Este lurched out of her seat so quickly Luca flinched. She pawed through the pile of texts on the coffee table, but none of the call numbers matched. “Where are they shelved?”

“Shouldn’t you know that?” Luca asked. “Don’t you work here?”

Este’s frown lines rivaled the Grand Canyon. “Been a little preoccupied.”

“Second floor, west wing,” Daveed said. “Why?”

She barely squeezed out a quick “Be right back” before she was out of the room and into the hallway and racing down the stairs so quickly her feet threatened to fall off.

As she passed the archives, three ghastly voices stopped her cold. The Fades’ song hummed in the shadows. Ice clogged her veins, and she stood frozen. If you hear them singing, just run—don’t listen and don’t look back.

Este crammed her fingers into her ears and darted between the light from the sconces until she made it downstairs to the second floor. The call numbers melted together as she spun through the stacks. In SB617, she pinpointed a thin blue book titled Herbal Remedies and Antidotes—she recognized it immediately from her dad’s list. The glossary led her to a spread that included illustrations of the vine’s anatomy in lieu of any photos.

This genus in the family Convolvulaceae is commonly known as bindweeds. Similar to morning glories, these plants are responsive to light, and once rooted, they will grow persistently. Este flipped the page to follow the paragraph. Rivea asterannis contains elements now known to be detrimental to humans but had previously been used in rituals. If ingested, an antidote can be concocted from the following herbs and spices . . .

Este clutched the book to her chest to keep her heart from pounding straight out.
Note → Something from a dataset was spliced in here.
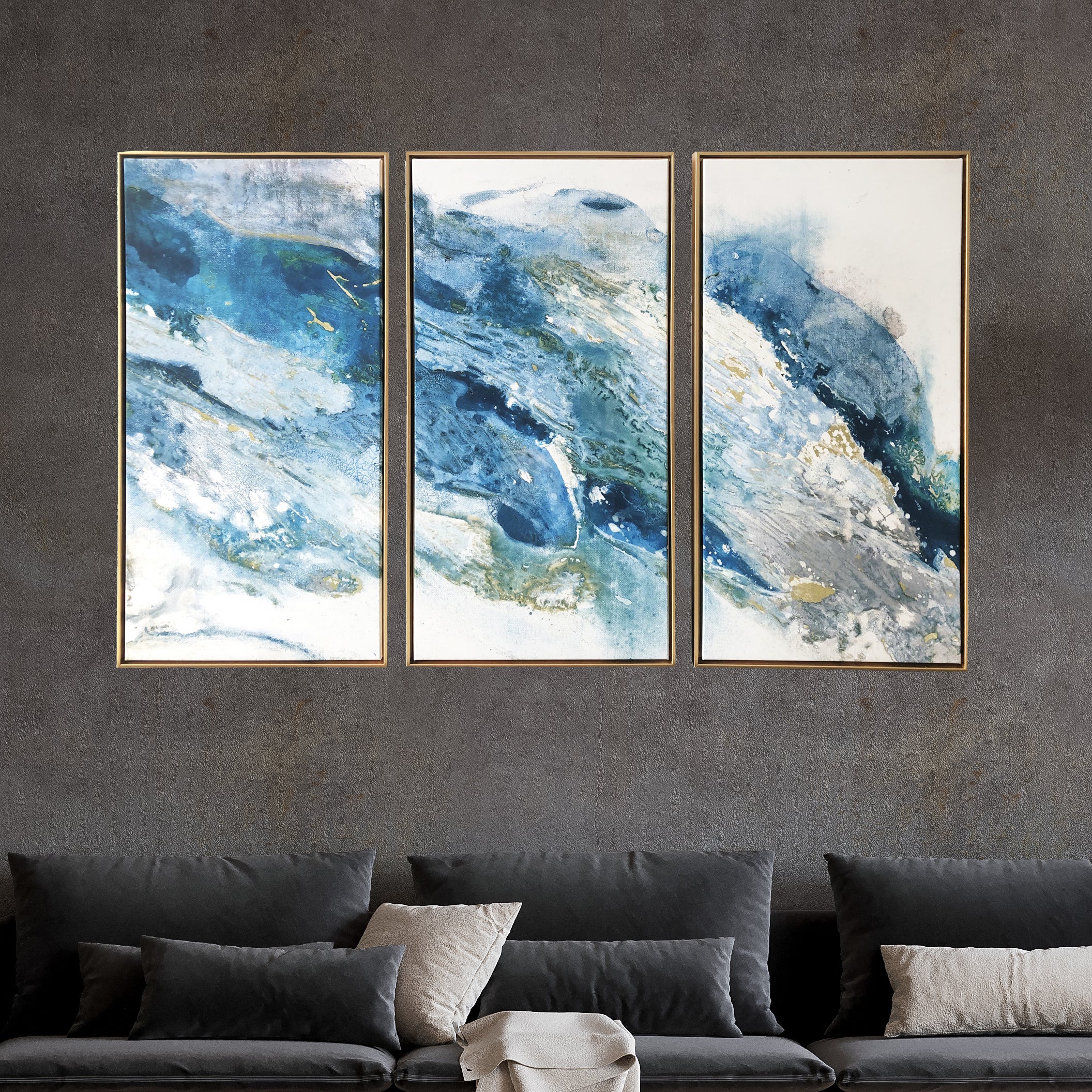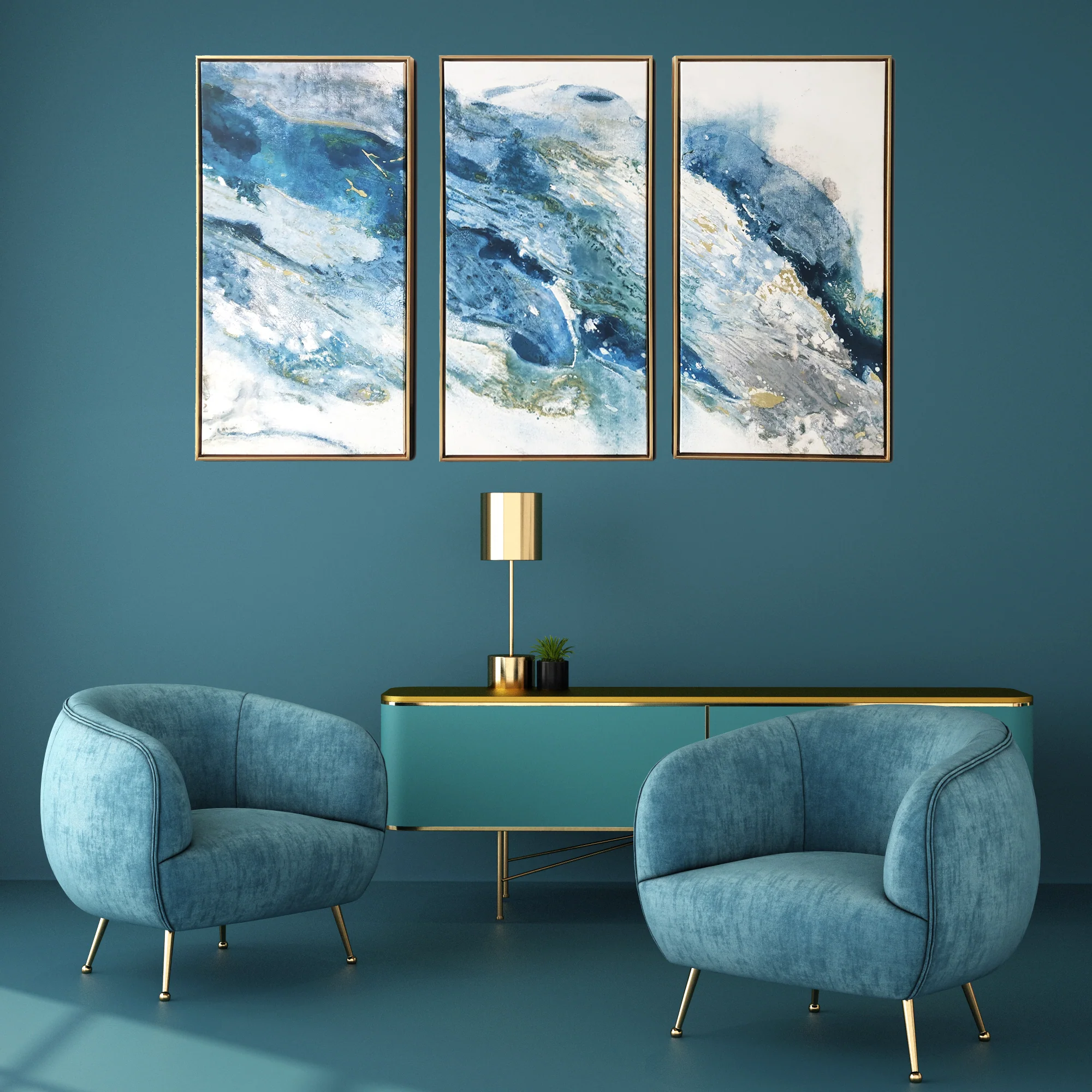 Abstract Turquoise Regalite 3-Piece Gold Framed Canvas Wall Art

This was it. This was the tie she’d been missing. Before she went back to the lounge, she had to make a pit stop.

Let it be known to Mr. Donohue that she did, in fact, pay attention in class. To understand the true meaning of the blooms, she needed to understand their history. She deserved extra credit for cracking open the R volume of the Oxford English Dictionary and skimming the onionskin pages.

First, she found the entry for its root word—rive: verb, to cleave, to split, to separate. Like the ghosts, souls torn from their bodies and stranding them in an infinite in-between. She ran the pad of her fingertip downward over rivea’s fine-print definition: noun, from rive, the new dawn light; the moment when night ends. Below, there was a separate entry specific to rivean ivy. Noun, Rivea asterannis, vine with highly toxic night-blooming flowers; often used in ancient ceremonies to communicate with the dead, this flower symbolizes life and death.

The door slammed open as Este burst back into the senior lounge. The ghosts froze, every motion halted midair. Aoife’s chalk screeched against the board as her hand slid downward. Mateo’s eyebrows shot up so high they got lost behind his curls.

Este tapped her fingernails against the book’s hard cover. “I think I know how my dad read The Book of Fades, but I’m going to need Ives’s keys.”